Autumn statement 2012 analysis: Protecting the middle classes
This was supposed to be the midway point for the austerity drive. We're halfway through the parliament, and halfway through George Osborne's first term in No 11. Yet today he stood up at the despatch box and announced "progress" – the kind of progress in which we're not even halfway through this arduous journey. The British people can be forgiven for collectively whining: "are we nearly there yet?"
Such is the nature of British politics that the woeful weaknesses of the coalition's approach do not get full attention in the days that follow. Instead our attention is on the changes that Osborne has been able to implement. With very limited wiggle room, the chancellor unsurprisingly opted to go for a fiscally neutral package. This means the political question becomes about winners and losers: who is having to pay, and for what?

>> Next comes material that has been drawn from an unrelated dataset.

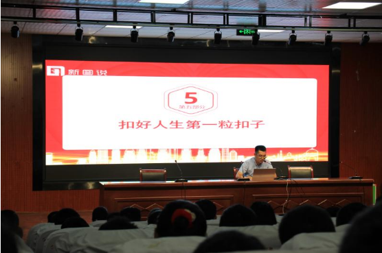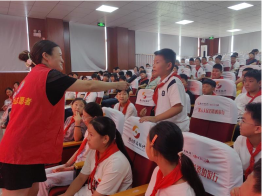 活动中,图河镇宣传委员、理论宣讲团成员许善帅以“奋进现代化 奋力挑大梁”为主题,一方面带领师生回顾了青年榜样习近平总书记的知青岁月,引导青少年向总书记学习,走好人生之路。另一方面,宣讲员生动讲述80年前那场艰苦卓绝的伟大斗争中,中华儿女同仇敌忾、浴血奋战的英雄事迹,强调抗战精神跨越时空的时代价值,并通过抗战时期的烽火岁月与新时代中国的辉煌成就的相互对比,从百废待兴到世界第二大经济体,从救亡图存到迈向民族复兴,进一步揭示坚持党的领导、传承伟大精神是实现国家富强、民族振兴的根本保证,点燃了全场师生的爱国热情与历史使命感。同时他还结合详实的数据和生动的案例,系统阐述了中国共产党四个历史时期的伟大成就,以及中国式现代化的宏伟蓝图与丰富内涵。从科技创新到绿色发展,从脱贫攻坚到乡村振兴,一幅波澜壮阔的现代化画卷在同学们眼前徐徐展开。他号召青少年要扣好人生第一粒扣子,要将个人理想融入国家发展大局,以聪明才智贡献国家,以开拓进取服务社会,真正成为能够“挑大梁”的新时代好少年。

In Britain in 2012, the political debate is centred on the rich and the poor. The Liberal Democrats failed to get their much-coveted mansions tax, and so are left defending the set of measures which have replaced them. The government has added the money it gets from its tax deal with Switzerland to its latest raid on the richest pensioners to claim that the richest are making an £8.5 billion contribution. Alas, there is no comparable figure for the lowest deciles. The coalition is keen for us to understand what it is doing to punish the rich, but not the poor.
The debate on welfare spending is entirely Conservative in motivation. A graph in today's 'green book' highlights the fact that changes in out-of-work benefit rates have increased ahead of average earnings since 2007. As a result of today's changes, which see most out-of-work benefits increasing below inflation at a rate of just one per cent, that gap will begin narrowing. It remains a Conservative aspiration to cut welfare more.
These welfare changes will together produce £3.6 billion of savings. Government spending cuts, totalling one per cent next year for most departments and two per cent for the following year, make up the remaining £2.4 billion. The belt-tightening continues. But the coalition is boasting that it will achieve £16 billion of cuts in total. Where will the remaining £10 billion come from?
The answer is: they don't know yet. All of that remaining cash will be saved in the 2015/16 financial year – that extra 12 months of austerity which the coalition has now, reluctantly, decided to push on with. International organisations like the World Bank urged the British government to prolong austerity for a year rather than dilute the existing plans, one Treasury source says. It's better to complete the homework but hand it in late than it is to do a shoddy job. The markets know which they would prefer.
This decision has all sorts of complications for British politics. First and foremost, it means that the government's austerity agenda now extends well into the next parliament. The coalition will spend the next six months working out how it plans to divide up the pain between departments; the result will be a full spending review for the 2015/16 year unveiled some time before parliament rises for next summer's long recess.
There is more to it than that, though. It presents a challenge for the Labour party: do they accept the spending totals? Would they raise taxes more, or borrow more? As well as being the right thing to do for the deficit reduction agenda, the party politicos will be very pleased it puts Labour under more pressure in the run-up to 2015.
It is the vote-winning measures which present the biggest headache for the opposition, however. The decision to scrap the 3p rise in fuel duty planned for January altogether, rather than just putting it off until April, wins the chancellor brownie points far in excess of its actual cost. Don't forget, though, that further hikes in fuel duty are still scheduled. Under current plans there will be two further increases before the next general election, in September 2013 and September 2014.
The other big cheer during Osborne's statement in the Commons was the announcement of another point taken off corporation tax, which will now be dropping to 23% from next April and down to 21% by 2014. That is a huge boon for Tory MPs, who have been slavering at the mouth at the prospect of such a move for months. The government's ambition is 20%, which would put Britain on a level playing field with the lowest rate in the G20. The only corporate bodies not benefiting from the move are the banks, who are hit by a higher bank levy as a result. Not that the hike is especially impressive. The government is just doing enough to keep the overall contribution from the banks to the Treasury's coffers at £2.5 billion a year; a politically motivated amount, purely driven by oneupmanship against the £2.3 billion the banks paid up under the last government.
The Lib Dems will be relieved their crusade on income tax – taking the lowest earners out of having to pay it altogether – is making progress. Others will benefit too, though. While there's an extra £235 of relief for the poorest, basic rate taxpayers get £223 off their tax bill and higher rate taxpayers get £98 off. Thanks to further tinkering in the thresholds for higher rate taxpayers, 400,000 more people will enter the 'affluent' bracket. But, the Treasury points out, they will be better off nonetheless.
The middle classes are protected, then. Taken together, Osborne's autumn statement measures represent an attack on the fringes of society: the poorest and richest are paying the price.